We will never be able to win a debate over whether or not organized public employees are a good thing or a bad thing because corporate forces in a corporately owned media will simply lie. Instead of trying to counter the message, the labor movement should instead use guerilla journalism tactics to take out the messenger. We should point out very clearly that the people attacking unions are liars and they are bought off by industries that stand to gain from attacking unions.
Organized labor has started to point this out more and more, but the attacks are not resonating in a corporate-owned media. AFL-CIO President Richard Trumka pointed to shadowy groups attacking these groups in a speech he made to the National Press Club in January.
Also, last weekend organized labor participated in “Uncloak the Kochs” protesting outside of a conference of major corporate right-wing funders including the Koch Brothers in Palm Springs, Calif. They helped draw some attention to the event and secret right wing funders, but as an article in Politico pointed out the conference itself attracted relatively little national media.”
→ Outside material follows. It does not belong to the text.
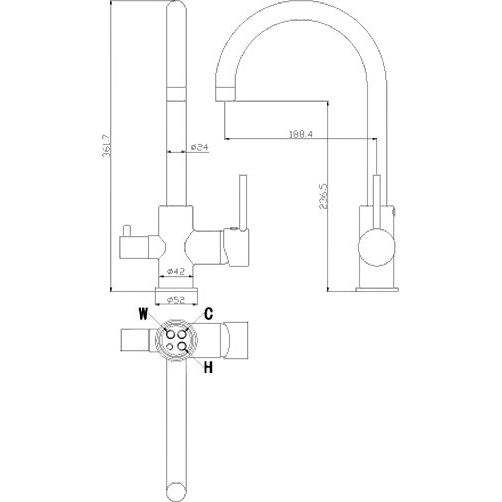 Смеситель изготовлен из прочной латуни с низким содержанием свинца, что гарантирует его безопасность и долговечность. Высота излива составляет 23.65 см, а длина – 18.84 см. Глянцевая поверхность придает изделию роскошный вид, легкий в уходе. Установлен керамический картридж, обеспечивающий надежность и плавность работы. В комплекте вы найдете аэратор, гибкую подводку, крепления и переходник для подключения фильтра.

This is because the corporate media largely does not care about uncovering the right-wing corporate forces feeding it lies about workers. It’s foolish for the labor movement to waste money on overpaid media consultants pitching material to journalists at corporately owned outlets because few of these journalists will ever take on the corporate forces behind these attacks.
Instead, the labor movement must create its own press. The labor movement should hire SWAT teams of underpaid investigative journalists (of which there are many, including myself) and allow them to focus on exposing the lies of those attacking unions in the media. With each story or talking head that appears in a major media outlet bashing unions, these journalists could trace that person's involvement with union-busting forces and expose who is funding these lies.
Investigative journalists could not just attack the talking heads that appear in those stories, but also the journalists that give them spaces to talk. For instance, if 60 Minutes correspondent Steve Kroft comes out with an anti-union piece like he did in January, investigative journalists could figure out what PR guys pushed him to do the piece. Who were the people he quoted in his piece? What specific financial conflicts of interests did the people he quoted have?
Media consultants cannot go after journalists in this way since they rely on these journalists to pitch story ideas and place labor quotes. However, investigative labor journalists who already have a platform can attack journalists that give anti-union forces credence. If the labor movement wants to win the message war in the ongoing class war, it must engage in guerilla journalism.